→ **TASK BRIEF**
Locate the line that contains "今天上午,北青-北京头条记者". Retype it and every line after it to the end of the records, exactly, but not the pictures.

(Items from a dataset)

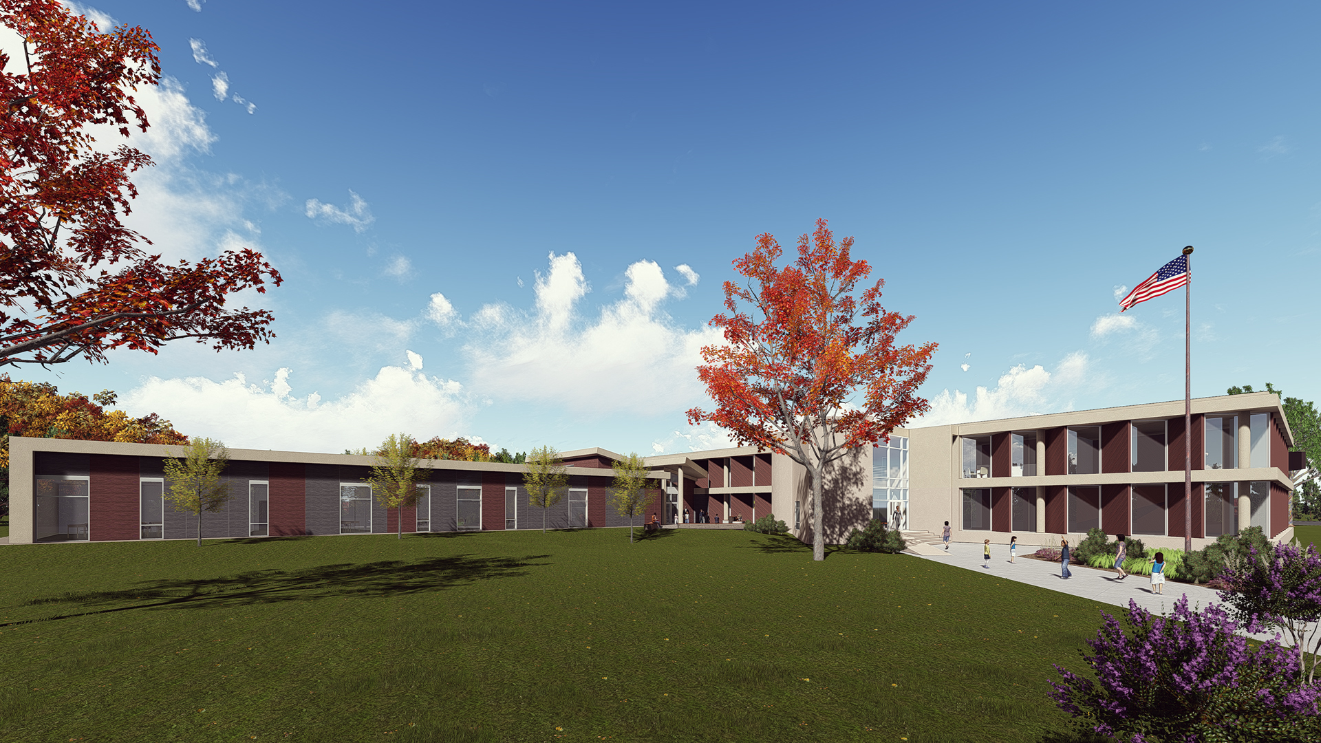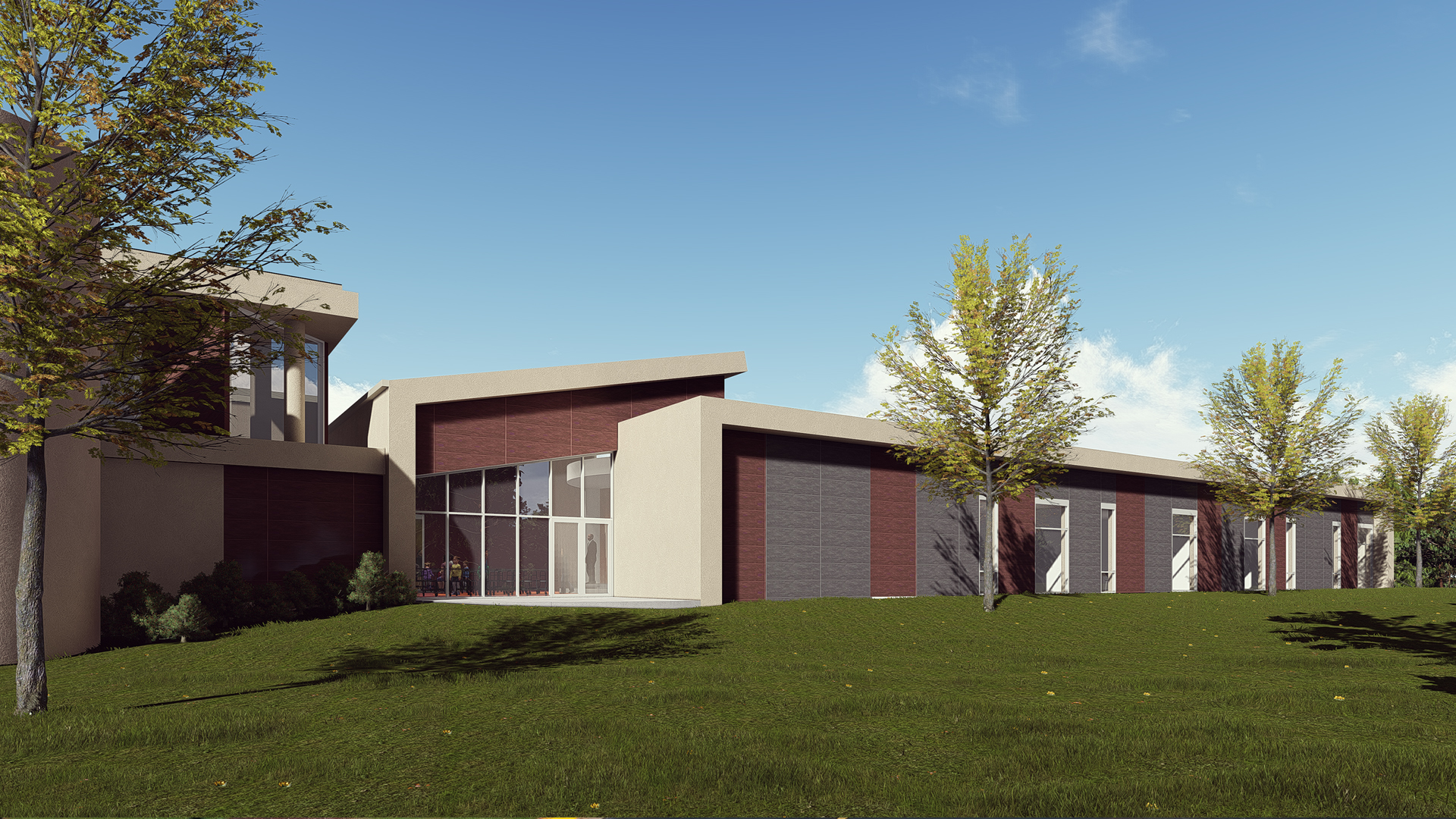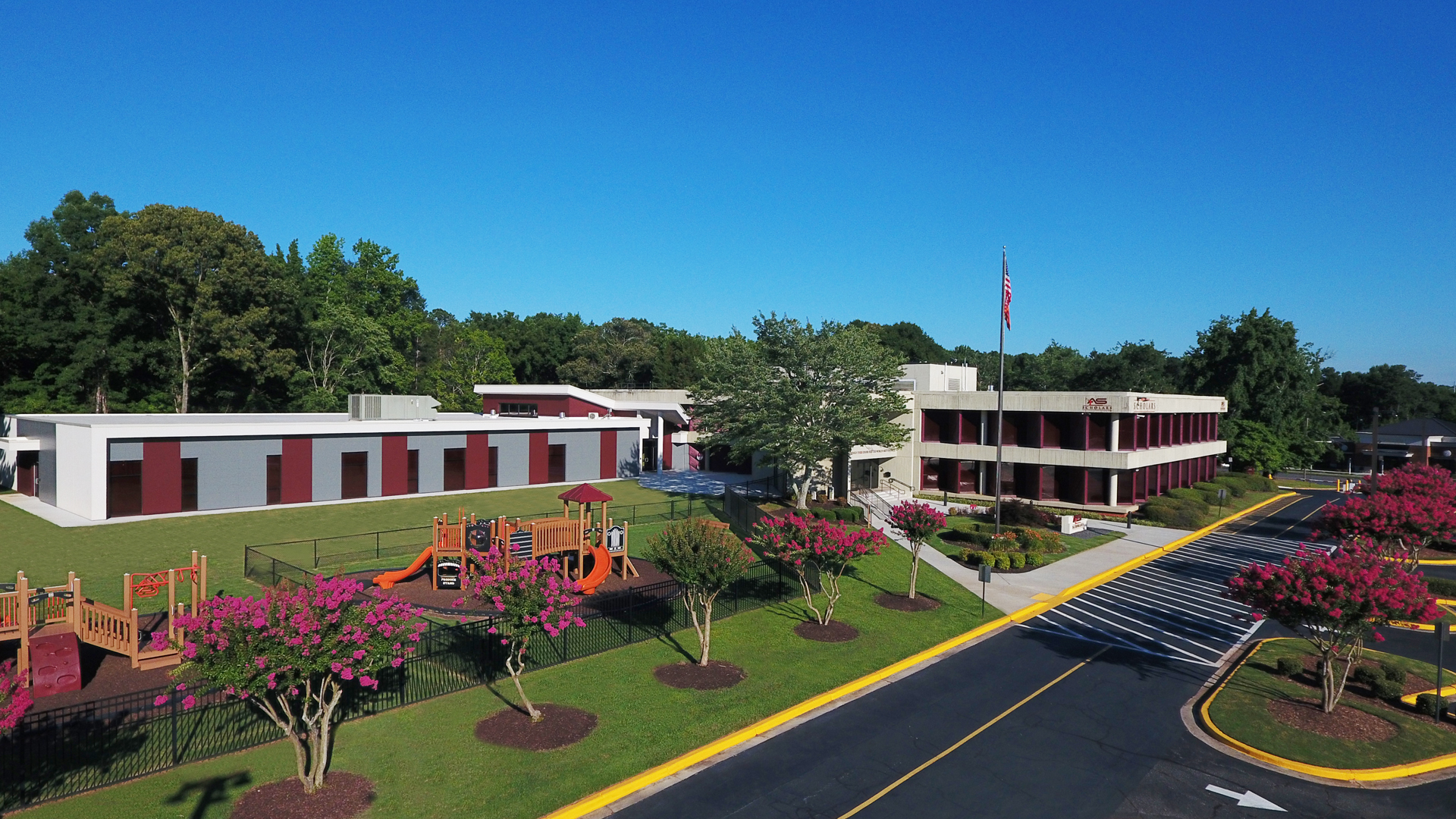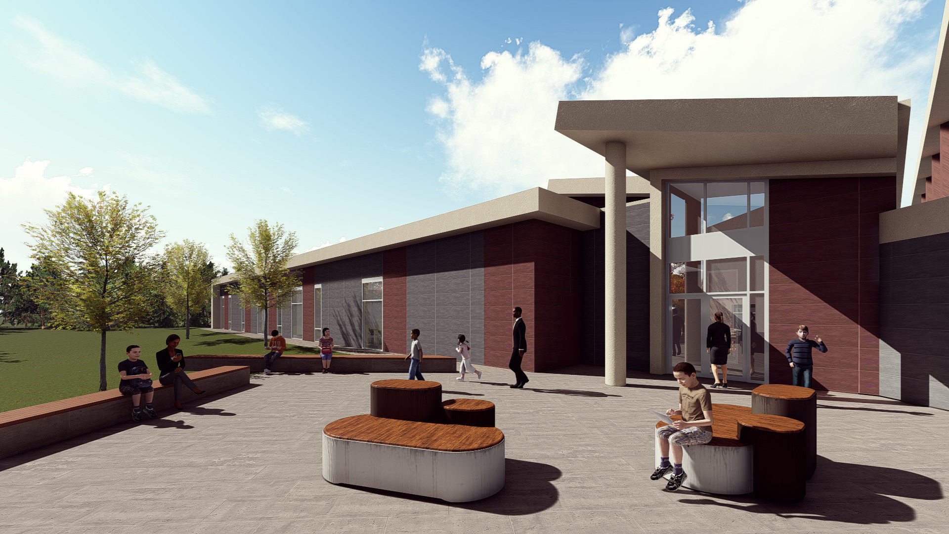Extensive safety and security features were developed for this conversion. A covered student drop-off and playgrounds are part of the many exterior design upgrades.
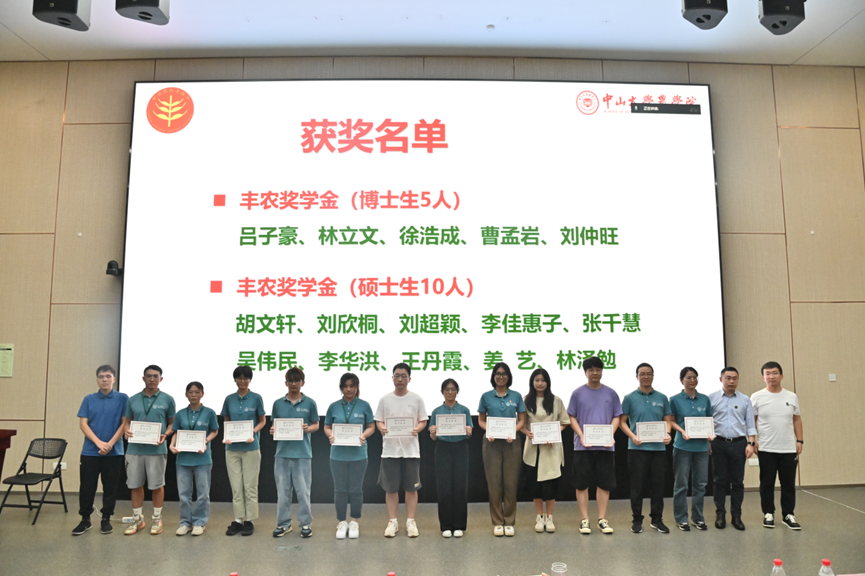 会上,程月华书记宣读了农学院关于 “丰农学奖金”的表彰决定和获奖同学名单。参会嘉宾、学院领导分别为获奖的18名本科生、15名研究生颁发证书和奖金。
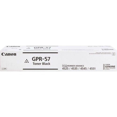 GPR-57 toner cartridge is designed for use with Canon imageRunner Advance 4525i, 4535i, 4545i and 4551i. Consistent performance meets high-quality output. Easy-to-install cartridge saves time and boosts productivity. Bottle cartridge yields approximately 42,100 pages.
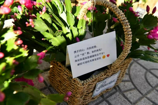 今天上午,北青-北京头条记者来到海淀芙蓉里社区,在北门外看到,9名顺丰快递小哥组成的志愿服务车队,拉着满满的鲜花,驶向芙蓉里小区。蟹爪莲、乒乓球、小玫瑰、仙鹤来、长寿花、火鹤……500余盆象征着长寿、吉祥、开心、平安等美好寓意的鲜花,将逐一送到小区里每户居民家中。鲜花赠语“携手同心,共抗疫情,云开‘疫’散,如约相见!海淀街道祝您健康快乐平安!献给可爱的芙蓉里居民。”代表了属地对居民们的最真诚的祝福!
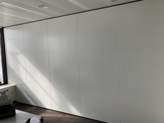 Cloisons Clestra PleinAir – vitrées avec stores manuels et pleins RAL 9010
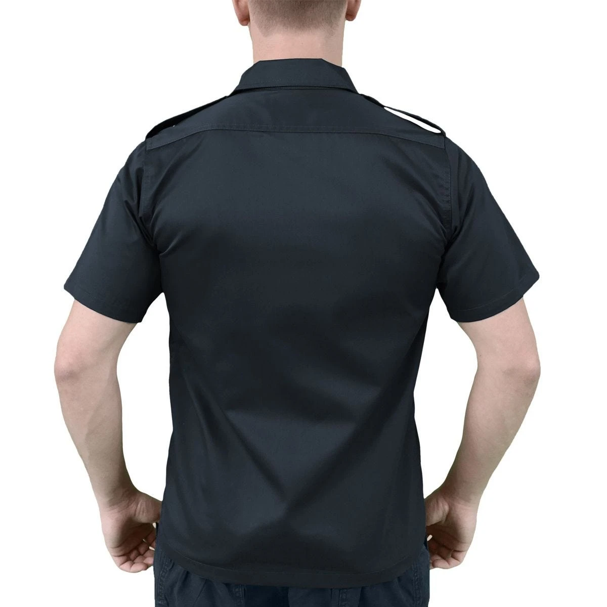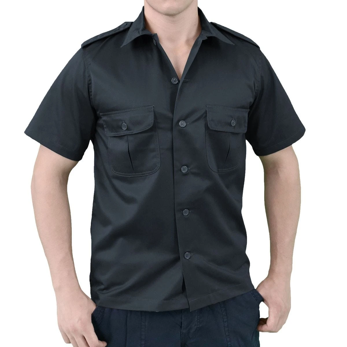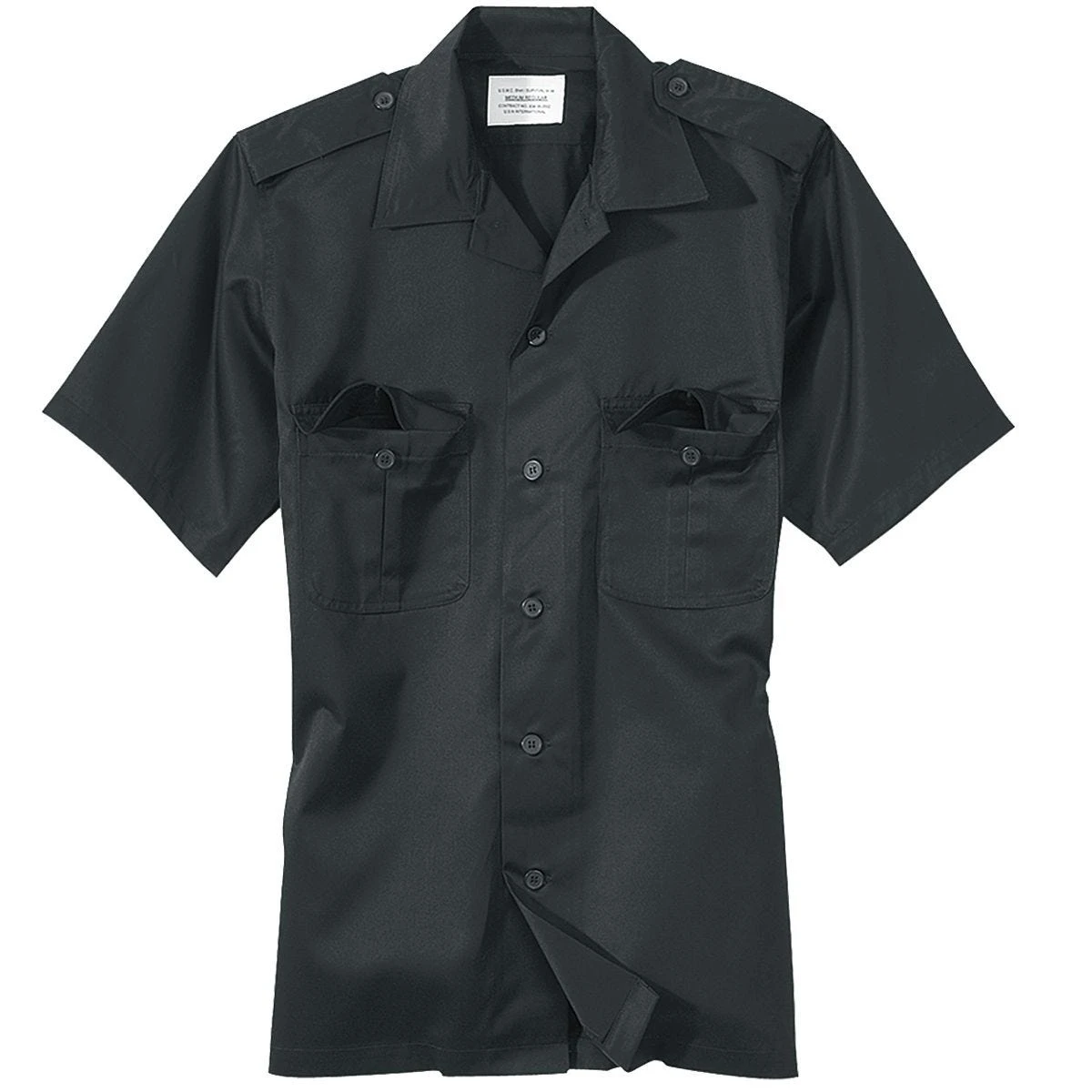 fastener, two chest flapped pockets and shoulder epaulets.
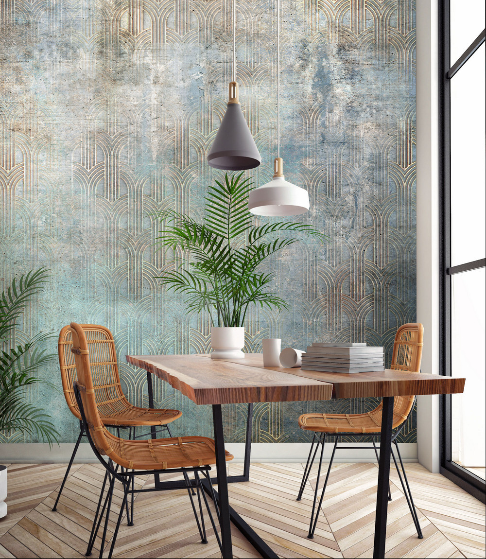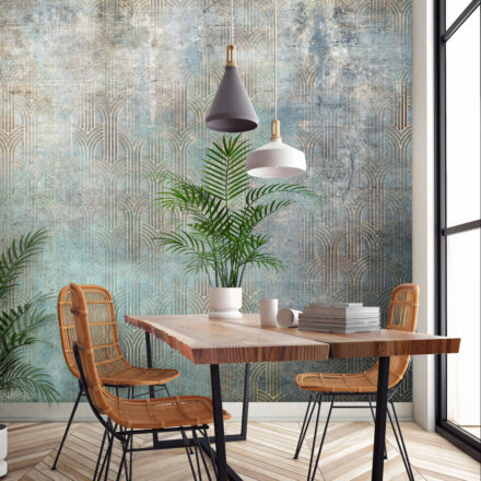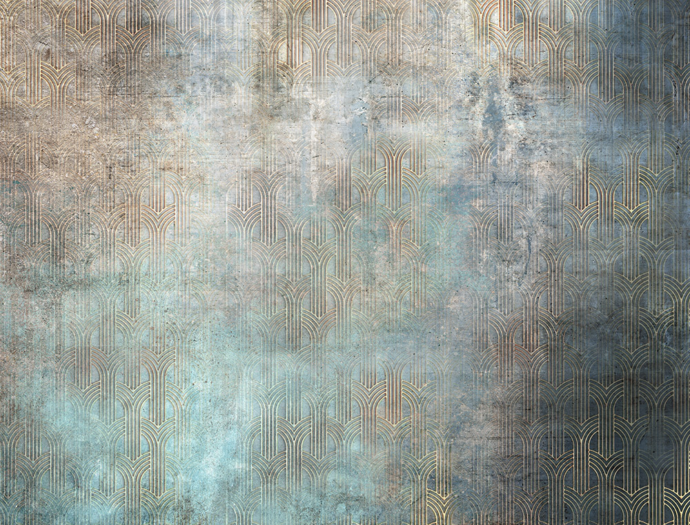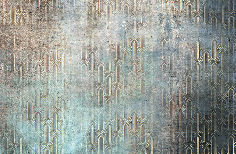 Artdeco mintás fotótapéta, melyet a betonfalat imitáló alapmintázat tesz különlegessé és egyedivé.

→ **ANSWER FOR THE TASK**
 今天上午,北青-北京头条记者来到海淀芙蓉里社区,在北门外看到,9名顺丰快递小哥组成的志愿服务车队,拉着满满的鲜花,驶向芙蓉里小区。蟹爪莲、乒乓球、小玫瑰、仙鹤来、长寿花、火鹤……500余盆象征着长寿、吉祥、开心、平安等美好寓意的鲜花,将逐一送到小区里每户居民家中。鲜花赠语“携手同心,共抗疫情,云开‘疫’散,如约相见!海淀街道祝您健康快乐平安!献给可爱的芙蓉里居民。”代表了属地对居民们的最真诚的祝福!
 Cloisons Clestra PleinAir – vitrées avec stores manuels et pleins RAL 9010
 fastener, two chest flapped pockets and shoulder epaulets.
 Artdeco mintás fotótapéta, melyet a betonfalat imitáló alapmintázat tesz különlegessé és egyedivé.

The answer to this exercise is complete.